Тогда – это могло казаться праздными разговорами, но теперь, когда весь мир «в огне», нельзя не признать верности того чувства, которым были проникнуты наиболее чуткие в России в то еще время, далекое и безмятежное. Ясное предчувствие грядущих переворотов охватывает всех; для одних они рисуются в социальных перестройках, для других – в мировых катастрофах, знаком или отголоском которых должны лишь явиться и война, и революция. И еще для третьих, зараженных модной теософией, в них должно родиться новое религиозное сознание, должно наступить новое царство святой Софии.
«Мы еще не знаем, где произойдет землетрясение, но стрелка сейсмографа уже отклонилась в нашем сердце», говорит Александр Блок.
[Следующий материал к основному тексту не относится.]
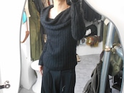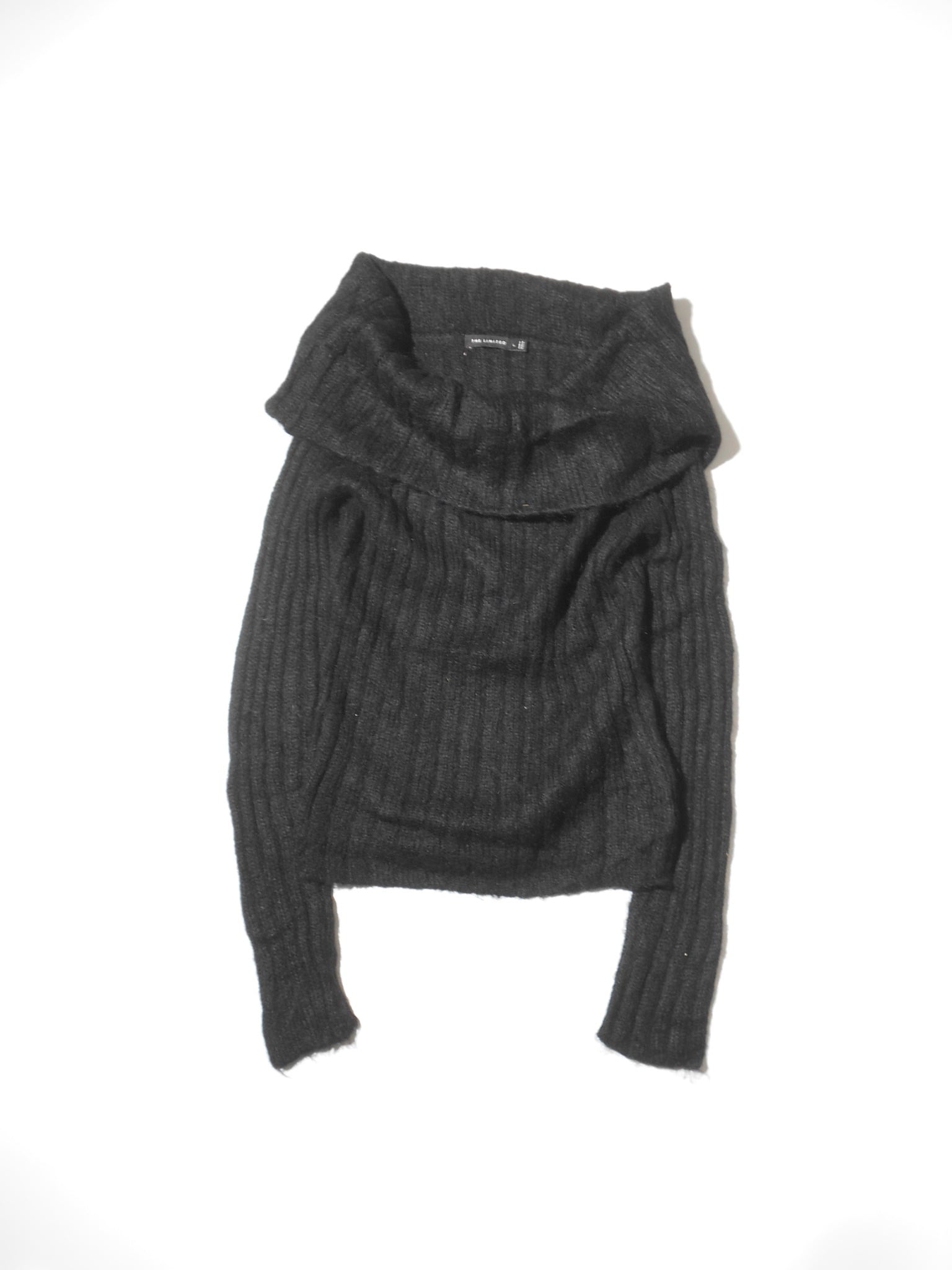 1990s Euro Vintage Super Long&Wide Turtle Neck Black Mohair Knitted Sweater
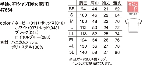 SS/S/M/L/LL/EL(300円UP)/4L(20%UP)/5L(20%UP)
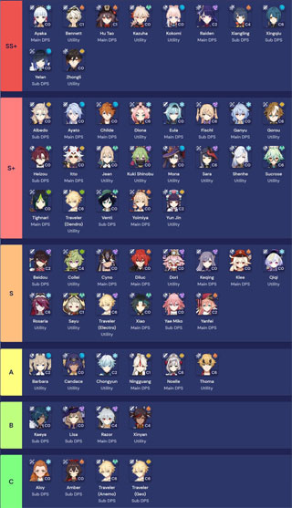 (1)T0:班尼特、枫原万叶、雷电将军、钟离、夜兰。
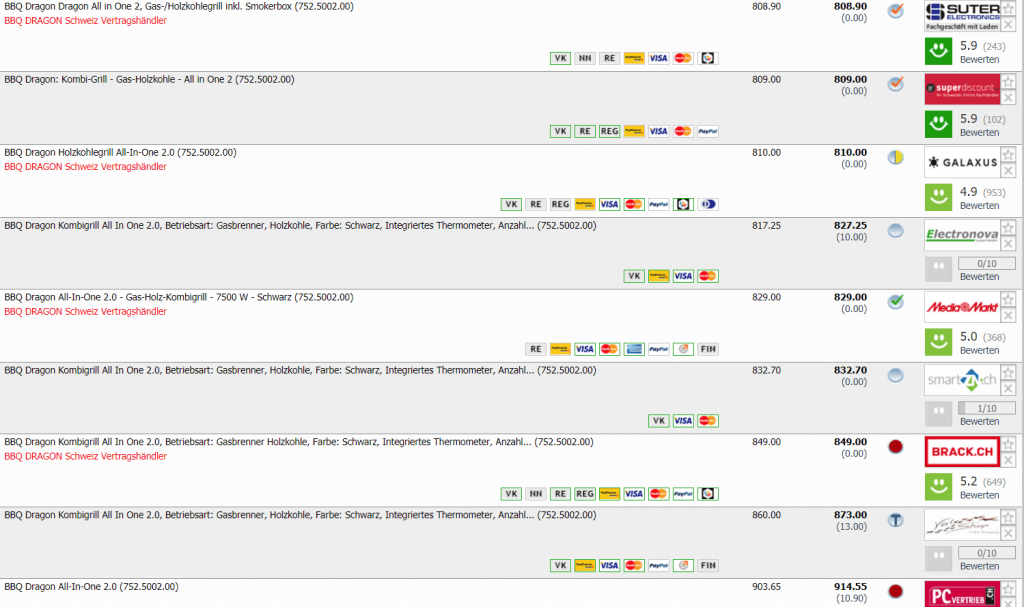 Preislich natürlich auch momentan sehr attraktiv für CHF 629.- bei MediaMarkt erhältlich. Der zweitbeste Preis in der Schweiz liegt bei CHF 808.90. Günstiger als für CHF 800.- gab’s den Kombigrill noch nie. Der MediaMarkt Deal gilt nur bis Morgen um 09.00 Uhr.
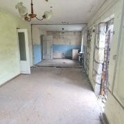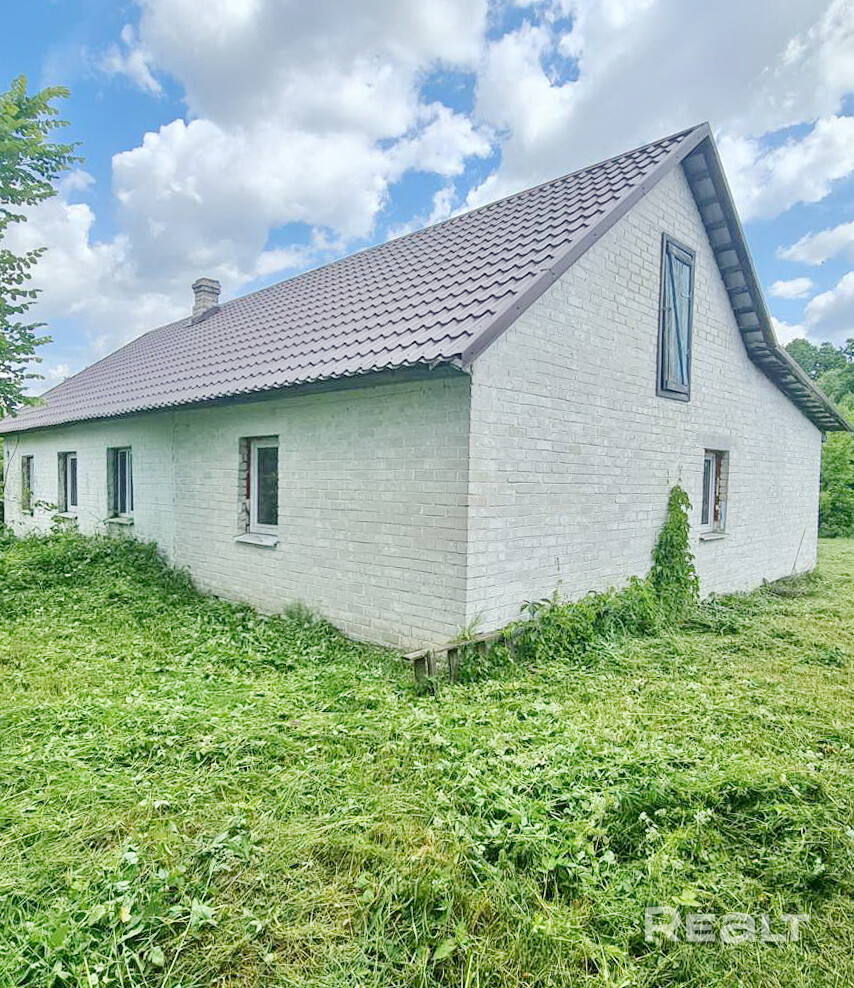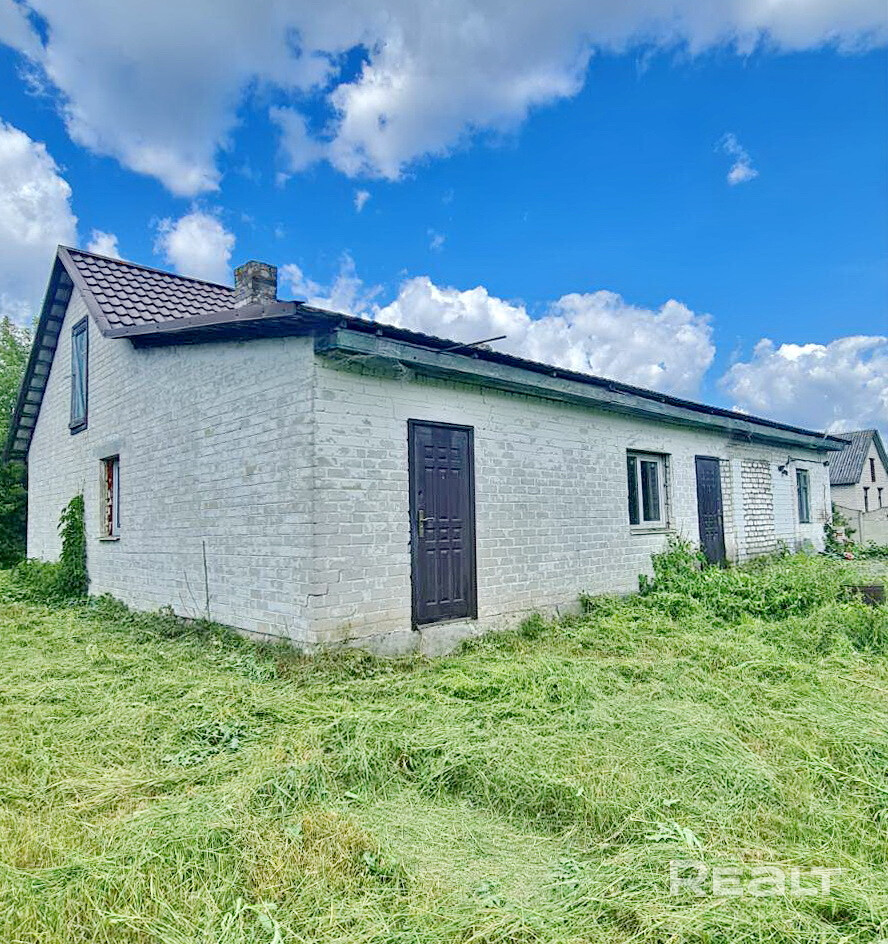 Дом в деревне Каменецкого района, построенный в 1966 году из газосиликатного блока. Фасад строения обложен кирпичом; кровля - металлочерепица. Общая площадь 123,1 кв.м. По плану в доме четыре изолированные жилые комнаты. Помещения в стадии реконструкции. Коммуникации: электричество - централизованное по улице, отопление - печное (газ по улице), водоснабжение - централизованное. Хозпостройки: веранда, сарай, гараж, погреб.
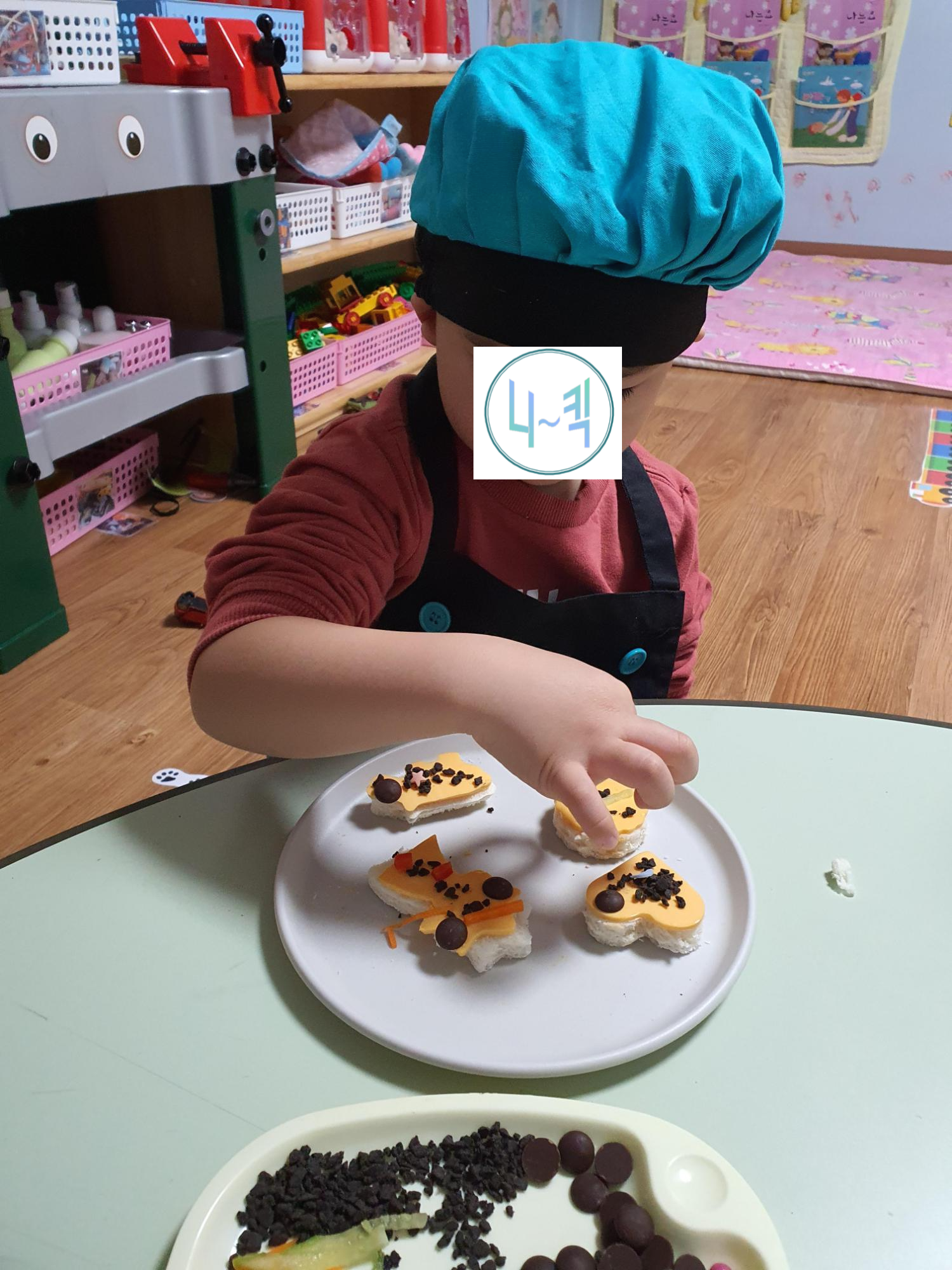여기까지 만2세 요리활동 모양식빵꾸미기를 해보았습니다.
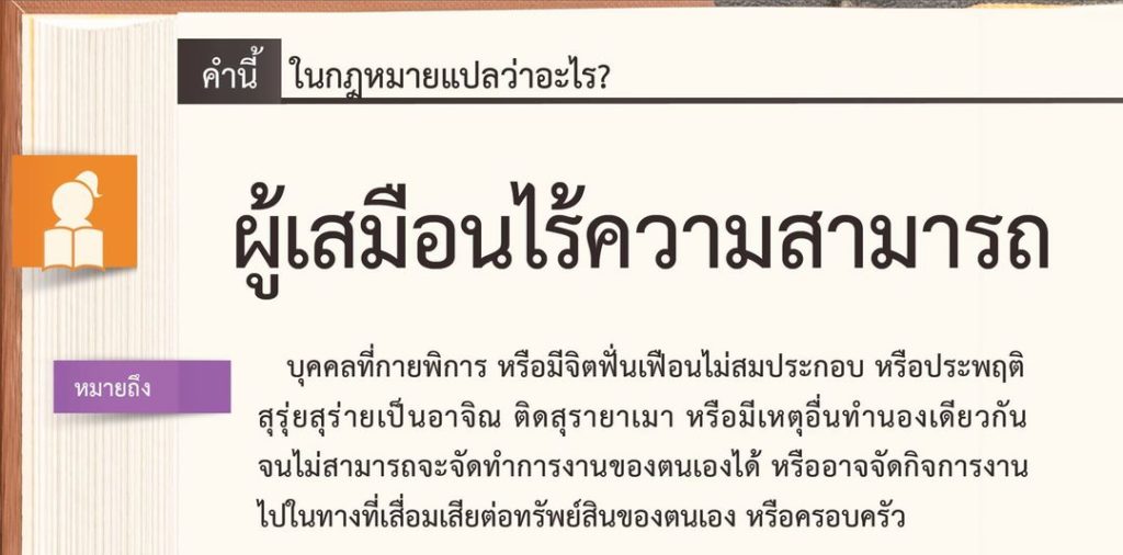 คำนี้ในกฎหมายแปลว่าอะไร? : ผู้เสมือนไร้ความสามารถ
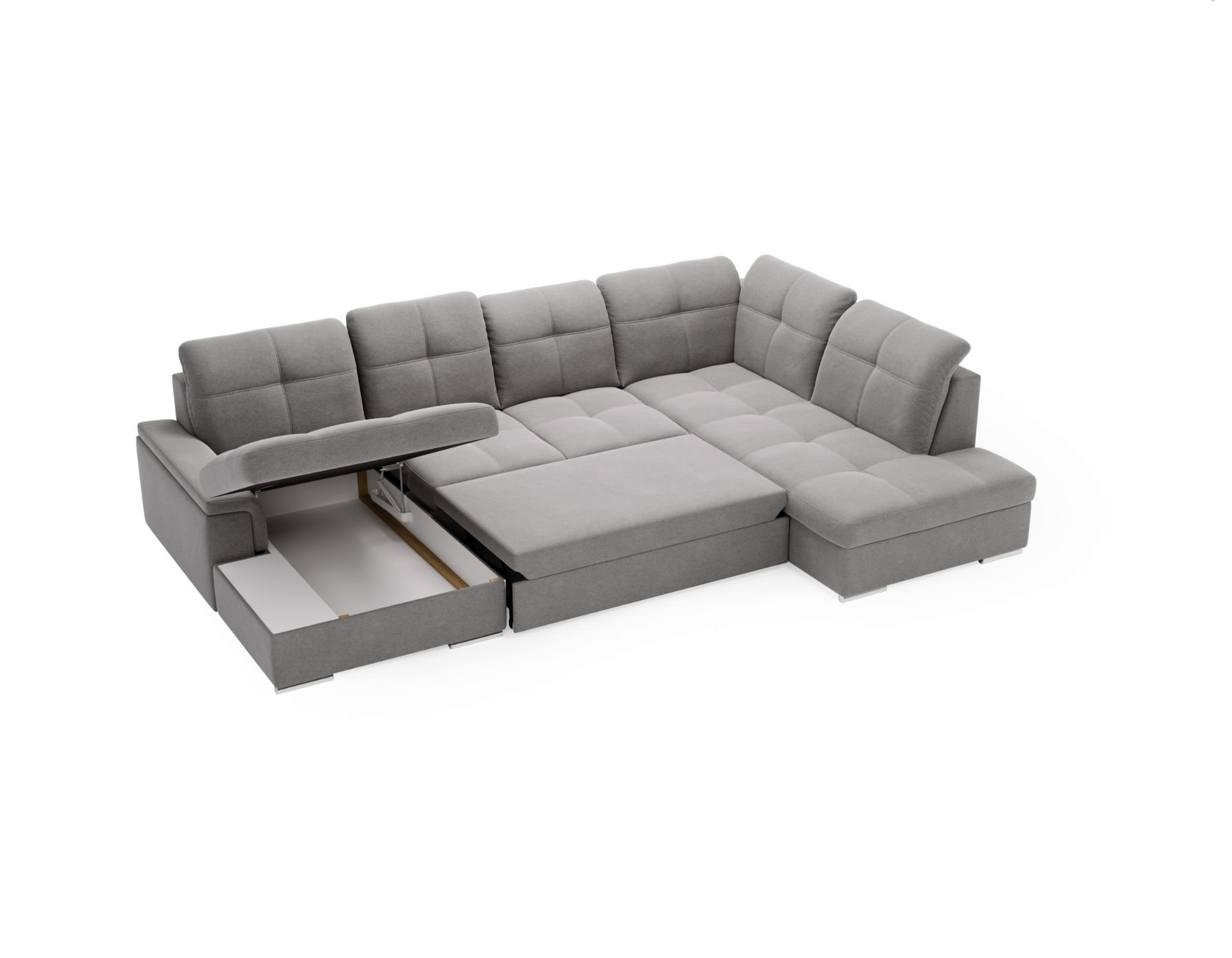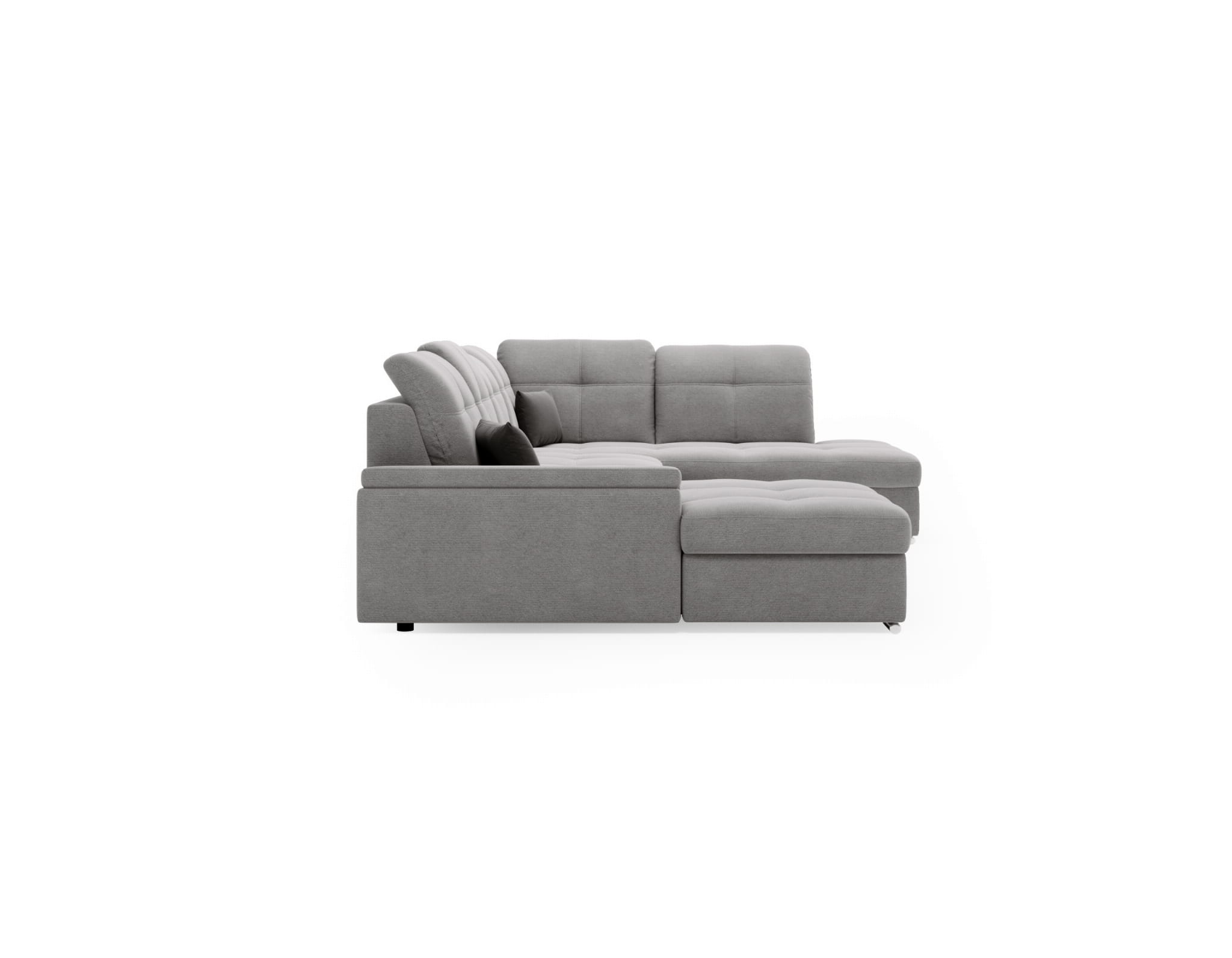 Narożnik Bruno z funkcją spania, dzięki łatwemu rozkładaniu, w mgnieniu oka zmienia się w wygodne łóżko. Wystarczy chwila, by przygotować go na nocny wypoczynek. To idealne rozwiązanie w przypadku niespodziewanych gości lub na weekendowe drzemki. Warto podkreślić, że narożnik Bruno nie oszczędza na komforcie, zapewniając niezwykle przyjemne siedzenie i sen. Zarówno krótka popołudniowa drzemka, jak i pełny nocny relaks, będą absolutnie wyjątkowe. Dodatkowy tut tego mebla to pojemnik do przechowywania pościeli czy też innych drobiazgów.

Все реальное получало новую ирреальную значимость и глубину. Если у Чехова уже мир начинал просвечивать и письмо утончалось до того, что позади обыкновенных слов обнаруживался второй, более глубокий смысл, то теперь самый внешний мир становился лишь знаком чего-то непреходящего, вечного, нематериального. «Alles Vergangliches ist nur ein Gleichniss», говорил Гете, и эти слова становятся символом веры символизма. Метерлинк слышит «шопот вечности на горизонте» и в каждом материальном пустяке реальной жизни видит отблеск вечных законов, руководящих мирами и человеком, между всем, существующим есть какая-то внутренняя глубокая связь, делающая все – одним, и «соответствия» переплетают в одно самые разнородные явления. «Белые кони» Ибсена проносились за окнами самого реального из домов, унося его жителей в иное царство, в иные миры.
В эти миры вовлекалась и вся Россия, со всем искусством своим и литературой. Если каждое из них, подчиняясь своим законам, ставило себе свои частные цели и задачи, то общим им всем было это одинаковое для всех мироощущение, которое было не литературным измышлением, но подлинным сдвигом всей психики начала века.
Могло ли в ней остаться место для реализма или натурализма, когда самая жизнь переставала быть реальной и превращалась в случайный отблеск мистического спиритуализма?
Символизм, неоромантизм, декаденство, модернизм, такими и иными кличками окрестили те течения, которые шли на смену реализма и которые уводили прочь от материальной жизни искусство, бывшее для одних его представителей – религиозным исступленным пророчеством и подвигом, и для других – сладкой «ложью» Оскара Уайльда.
Так подрывались все основы, на которых воздвиг свое здание М. X. Т.